▶ _Activity_
Print the lines below word for word, beginning with the first and ending with the line that holds "このカードが登場した場合、サポートエリアにいるAP/DPの値を持つ相手のキャラを2枚まで捨て札にすることができる。 | ||", and skip every picture.

▶ _Data section_
▼
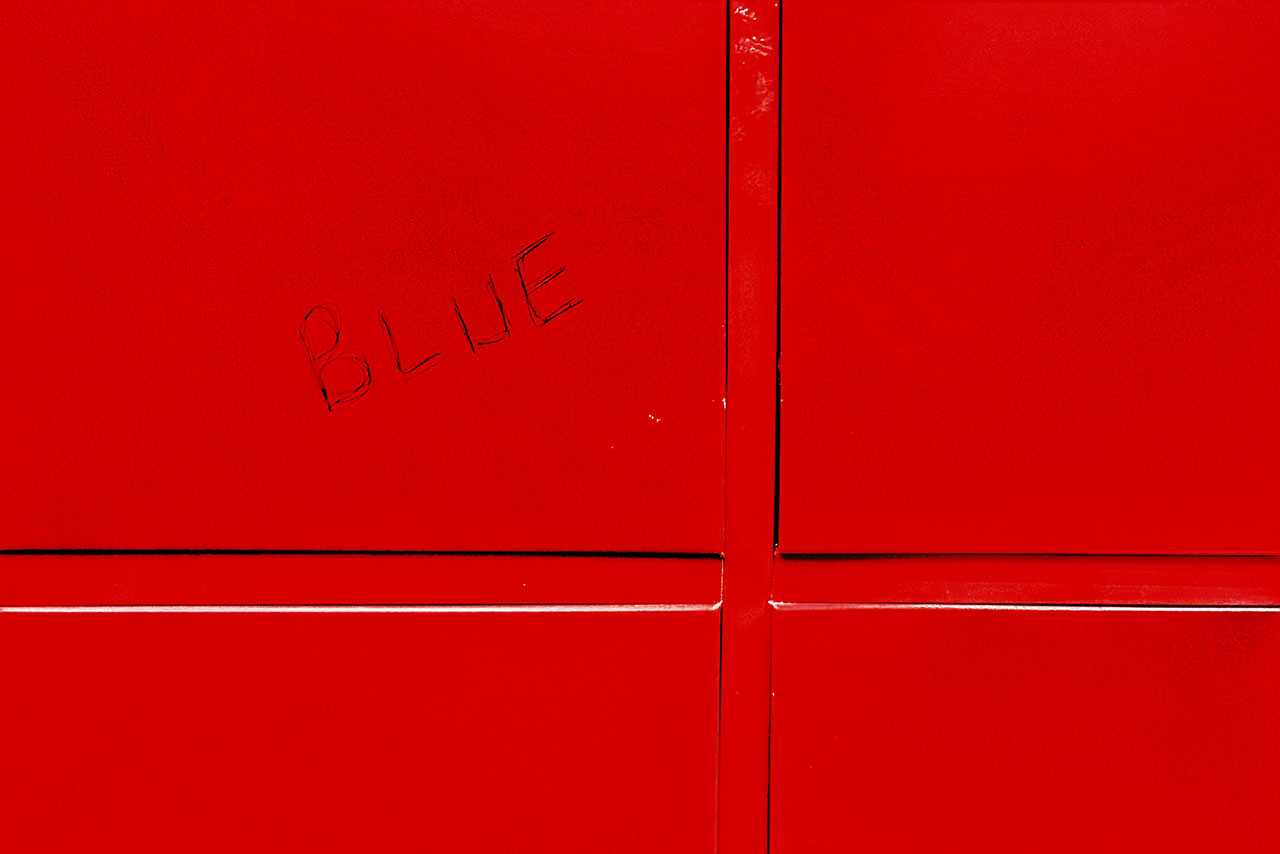 Fotoğraf, aslında ortaya çıkan sahnenin kendisiyle tam bir minimalizm örneği. Bana da sadece çekmek kalıyor. Yani yazan minimal bir sahne oluşturmuş. Kırmızı zeminde bir “blue” yazısı. Tek renk. İkinci renk yazıyla. Ancak kalemin rengi de “blue”. Kırmızı renk ve yazı fotoğrafta sevdiğimiz zıtlık “kontrast” göstermesine rağmen “kırmızı” ve “blue” renk olarak da zihnimizde birbirini tamamlıyor. Yani sahnede zıtlık ve tamamlayıcılık aynı anda yer alıyor. Bu sahneyi altın orana oturtmak kolay oldu. Eğer yazı kırmızı duvar kaplamasının ek yerleri olan çizgilerden uzak olsaydı bu olamayacaktı. Ya da çok iyi olmayacaktı.
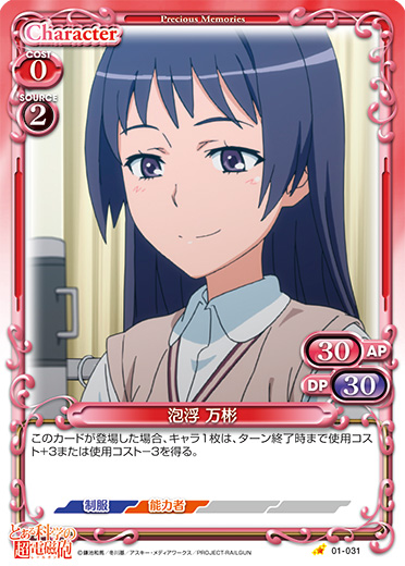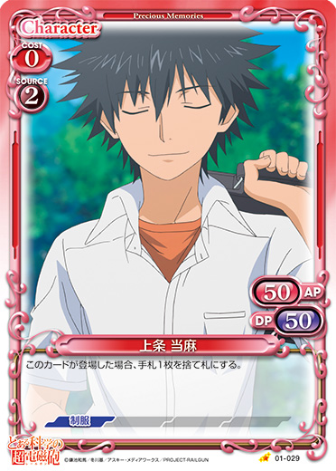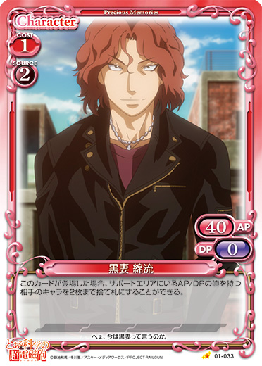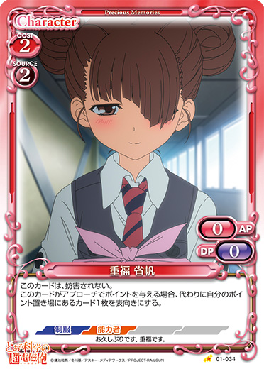 | このカードが登場した場合、サポートエリアにいるAP/DPの値を持つ相手のキャラを2枚まで捨て札にすることができる。 | ||
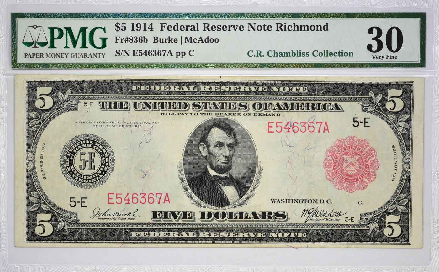 Fr. 836b. 1914 $5 Federal Reserve Note. Red Seal. Richmond. PMG Very Fine 30. A scarce Richmond type b note that is one of only 49 pieces recorded in the Track & Price census. This pleasing mid-grade offering shows appeal that rivals a finer grade and retains some original embossing.
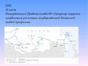 Описание слайда:2002 16 июля Распоряжением Правительства РФ «Газпрому» поручена координация реализации государственной Восточной газовой программы.
▲
▶ _Task response_
 Fotoğraf, aslında ortaya çıkan sahnenin kendisiyle tam bir minimalizm örneği. Bana da sadece çekmek kalıyor. Yani yazan minimal bir sahne oluşturmuş. Kırmızı zeminde bir “blue” yazısı. Tek renk. İkinci renk yazıyla. Ancak kalemin rengi de “blue”. Kırmızı renk ve yazı fotoğrafta sevdiğimiz zıtlık “kontrast” göstermesine rağmen “kırmızı” ve “blue” renk olarak da zihnimizde birbirini tamamlıyor. Yani sahnede zıtlık ve tamamlayıcılık aynı anda yer alıyor. Bu sahneyi altın orana oturtmak kolay oldu. Eğer yazı kırmızı duvar kaplamasının ek yerleri olan çizgilerden uzak olsaydı bu olamayacaktı. Ya da çok iyi olmayacaktı.
 | このカードが登場した場合、サポートエリアにいるAP/DPの値を持つ相手のキャラを2枚まで捨て札にすることができる。 | ||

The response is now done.